I used MAQ's on last saturday and sunday. Observed similar behavior. Drunken bees staggering as far away as 15-20 feet away from the treated colonies. (8 in one yard). It will be ok. Today the bees were looking pretty much back to normal. (day 4 or 5) 
I did lose a lot of bees. I estimate 500-1000 per colony. I'm estimating a little high on purpose. 
It will be fine.

Am lucky in that my yard has 6 hives on a large concrete area so I could see all the crawlers and dead bees perfectly well. Swept on Tuesday because I didn't want ppl I sell honey to seeing the carnage. It stayed clean so I'm saying the bees die on days 1-3 in general. They were probably sick already I think. The weak, the young, and old die imo.


----------



## snl (Nov 20, 2009)

Why not use OAV? No harm to brood, bees or queen..... No need to open the hive and after the initial investment of the vaporizer, much cheaper..


----------



## jakec (May 26, 2015)

aunt betty said:


> I used MAQ's on last saturday and sunday. Observed similar behavior. Drunken bees staggering as far away as 15-20 feet away from the treated colonies. (8 in one yard). It will be ok. Today the bees were looking pretty much back to normal. (day 4 or 5)
> I did lose a lot of bees. I estimate 500-1000 per colony. I'm estimating a little high on purpose.
> It will be fine.
> 
> Am lucky in that my yard has 6 hives on a large concrete area so I could see all the crawlers and dead bees perfectly well. Swept on Tuesday because I didn't want ppl I sell honey to seeing the carnage. It stayed clean so I'm saying the bees die on days 1-3 in general. They were probably sick already I think. The weak, the young, and old die imo.

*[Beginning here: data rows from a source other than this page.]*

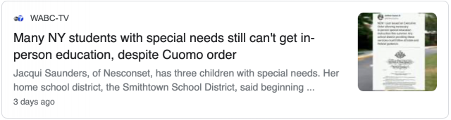 凯文·安东尼( Kevin Anthony)4岁的儿子科林(Colin)在新跨学科学校(The New Interdisciplinary School)就读,他认为,对于需要特殊教育的孩子来说,整年持续的教育非常重要,因为一旦停顿,孩子的退步非常明显。安东尼表示,由于儿子过去几个月无法接受面对面的服务和治疗,他将不得不让孩子再继续接受特殊教育一年。本来,科林已在准备就读普通班了。
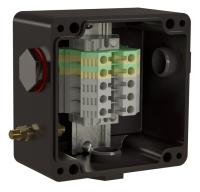 Применяемые клеммные наборы позволяют выполнить подключение многожильных или одножильных кабелей сечением от 0,5 до 10 мм². Нагревательная секция выводится из коробки с помощью кабельного ввода BM-X5S или FETG/TS2 и вводится под тепловую изоляцию с помощью устройства ввода УВ или УВ-М.
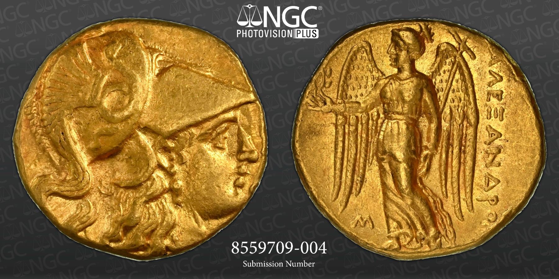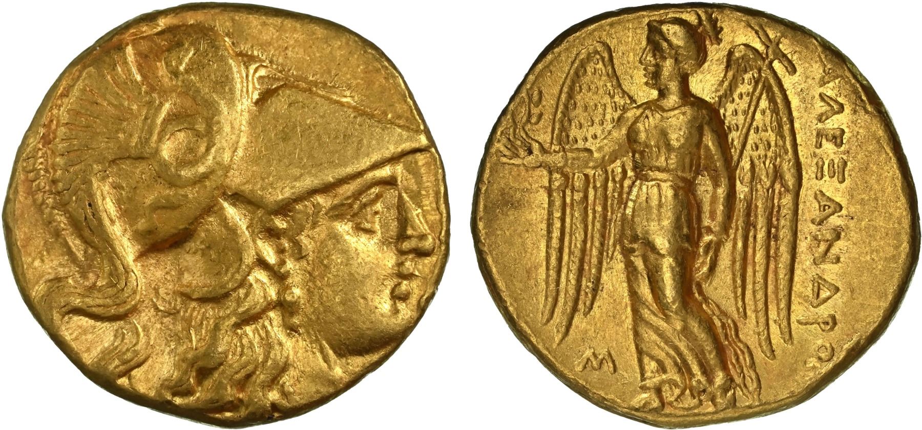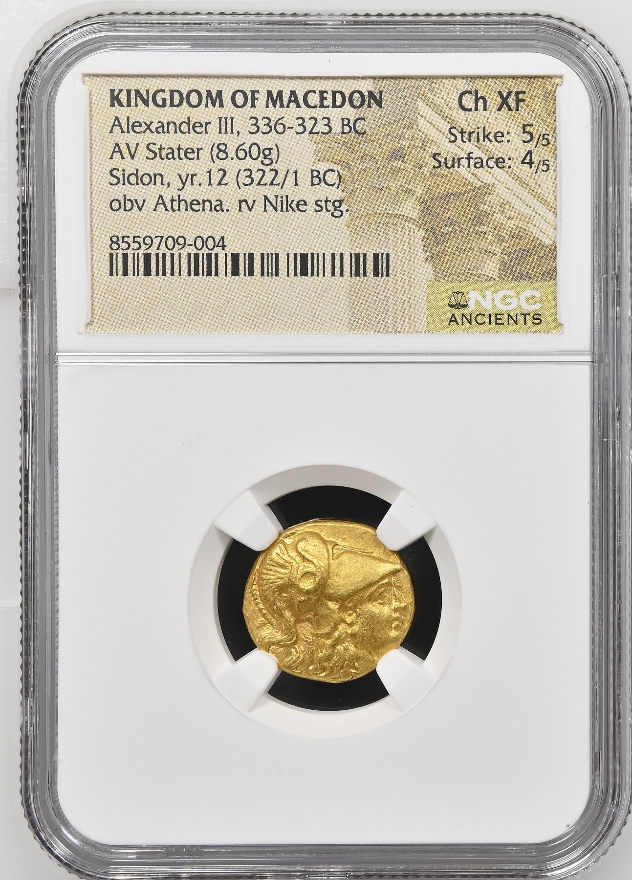 MACEDONIAN KINGDOM: Alexander III 'the Great', 336-323 BC, AV stater (8.60g), Sidon, year 12 (322/1 BC), Price-3497, DCA-874, early posthumous issue struck under Laomedon, helmeted head of Athena right // Nike standing left, holding wreath in right hand and stylis in left arm, M (date) to lower left, a well-centered strike from fine dies, attractive light luster in fields, very rare, Strike 5/5, Surface 4/5, NGC graded Choice XF, ex CNG e-Auction347, Lot 110.
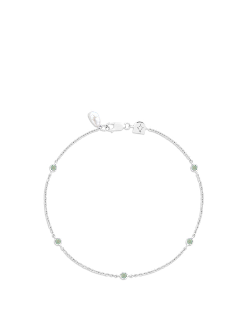 Green/SilverGreen/Silver Stone and Pearl Charm Bracelet
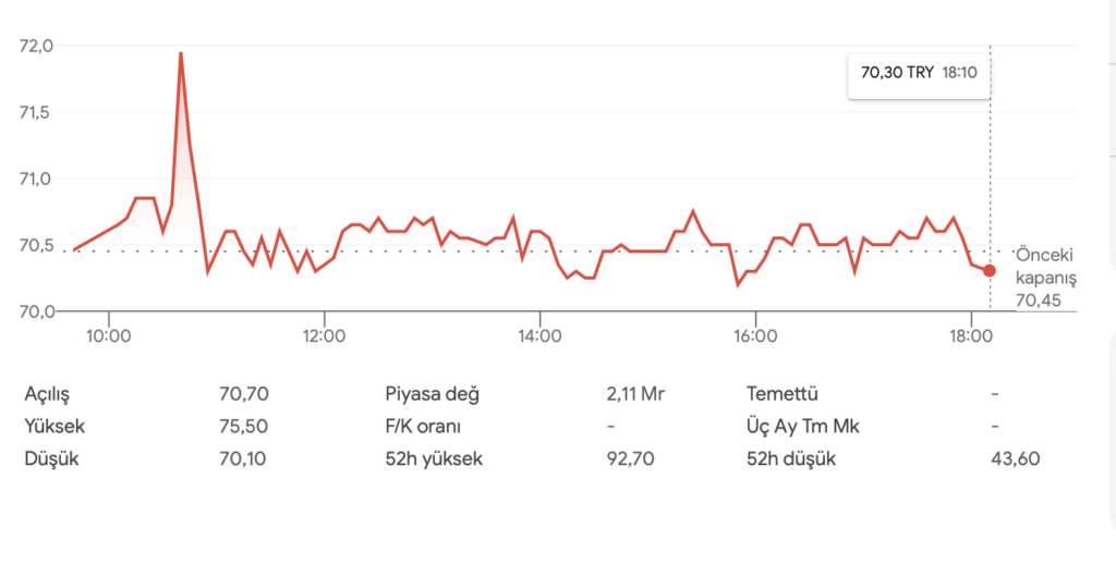 DGATE hissesi son 1 senede %22,26 değer kazanımı elde etti. Son 6 ayda ise hisse %11,74 değer kaybetti. Yılbaşından beri sadece %0,07 değerlenen DGATE, son 1 ayda %0,92 değer kaybetti. Son 5 günde de %4,03 değer kaybeden hisseye yeni Apple distribütörlüğü de yaramadı. Bugün Apple ile distribütörlük açıklaması yapan hisse, %0,21 değer kaybetti. 70,65 TL’den yeni işlem gününe başlayan hisse, seansı 70,30 TL’den noktaladı.
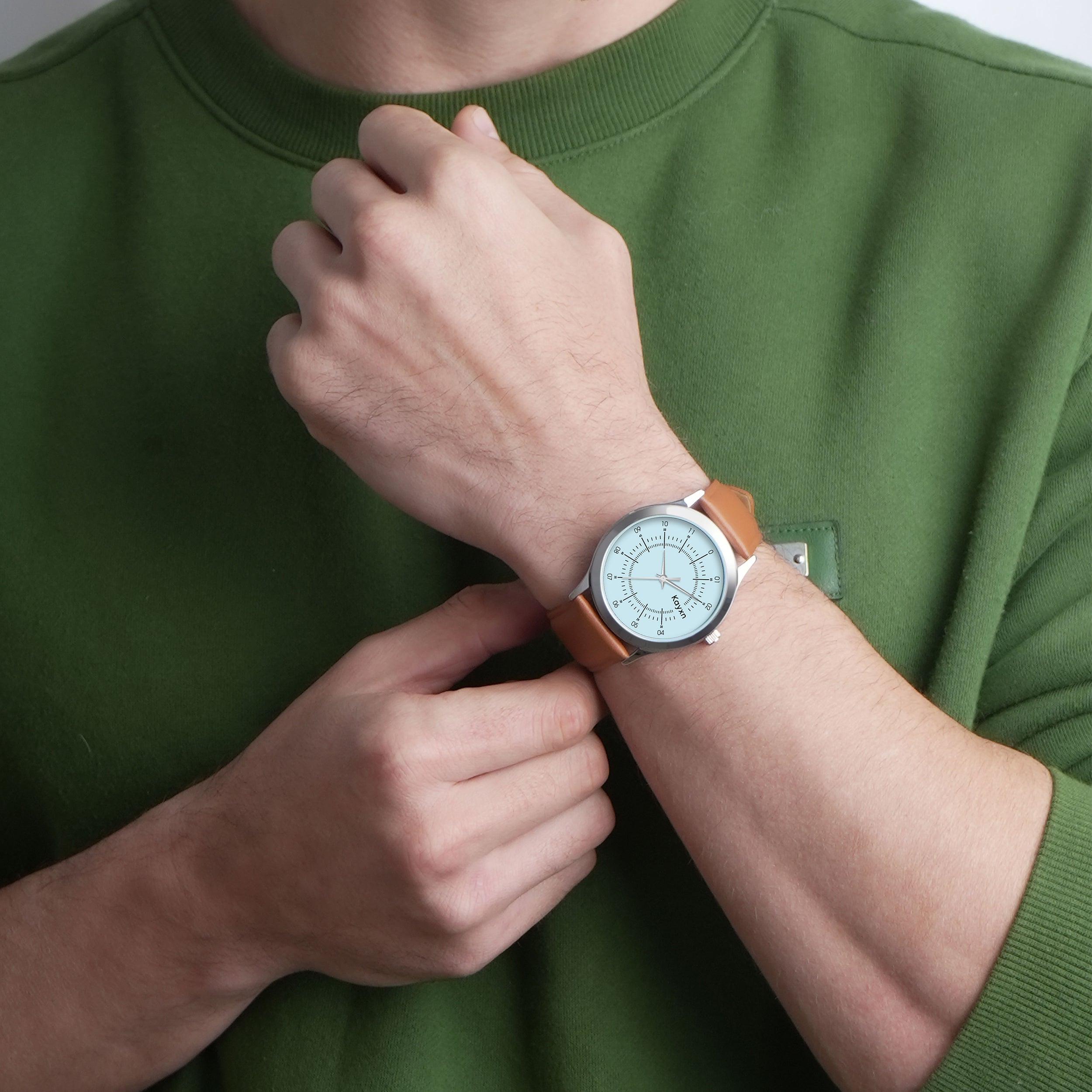 The Skyline Classic Wristwatch redefines sophistication with its stunning sky-blue dial and premium tan leather strap, designed for men who appreciate style, precision, and comfort. The clean design, combined with a polished stainless-steel case, offers a modern yet timeless look suitable for every occasion.

I had read about how that would prob happen but it looked worse in person. carnage is a good way to put it, it looks pretty bad.



snl said:


> Why not use OAV? No harm to brood, bees or queen..... No need to open the hive and after the initial investment of the vaporizer, much cheaper..


I think I am going to go to some kind of OAV by spring. I only have 2 hives and didn't treat the one that was a feral cutout from an old birdhouse. that hive is only in 2 mediums and I was planning on using one maqs strip on it but after seeing how the other hive is doing I think im just gonna let them ride until spring and then start with OAV. just didn't have money to spend on a rig and haven't really had time to try to build one.


----------



## WWW (Feb 6, 2011)

After things settle down in the hive you will need to do an inspection to see if you still have a queen. I agree with SNL, OAV is the safest way to go, especially in the fall of the year when replacement queens are harder to locate. I have seen threads on this topic where people state that they will use one pad in the fall which is easier on the bees, you are indeed one brave soul to use two pads.


----------



## Phoebee (Jan 29, 2014)

snl said:


> Why not use OAV? No harm to brood, bees or queen..... No need to open the hive and after the initial investment of the vaporizer, much cheaper..


... No mites killed on capped brood. Formic acid can be used one and done.

There are good points for both. To me, formic acid is a better choice for July-August when the mites are building up. OAV is ideal when they are broodless and the weather is foul so you don't want to open the hive, like maybe December. But if the mites are high in December they are probably dead already. Combine the approaches and you can probably kill almost all the nasty things.


----------



## jwcarlson (Feb 14, 2014)

snl said:


> Why not use OAV? No harm to brood, bees or queen..... No need to open the hive and after the initial investment of the vaporizer, much cheaper..


At home he could probably treat the 3-5 times necessary to kill most of the mites. But if you're doing much outyard stuff or have hives spread like I do it just doesn't make sense time-wise.
I used MAQS this year in colonies that had got three weeks of OAV and still had tons of mite fall. I just don't think that you can do "enough good" when there is so much capped and nearly capped brood as I have in some of my colonies. Infinitely more efficient than making 3-5 trips and getting most mites where most of the mites are is a huge huge weapon.

It's not really OAV's fault... it was mostly my failure to manage mites before they became an issue. Will still OAV when they're broodless. But will be using MAQS when I have a colony with capped brood that needs mites killed.

Regarding the MAQS. I didn't notice any brood kill or goofy bees. But I only treated a single nuc at home, all the full dose colonies are out and away. Only saw one of them on about day three and they looked normal. No real increase in dead on the concrete. I think the nuc in my back yard pulled 1-2 larva and I saw a couple mites on the landing board. Otherwise it seemed they had less flying the first couple days but then seemed back to normal.


----------



## jakec (May 26, 2015)

WWW said:


> you are indeed one brave soul to use two pads.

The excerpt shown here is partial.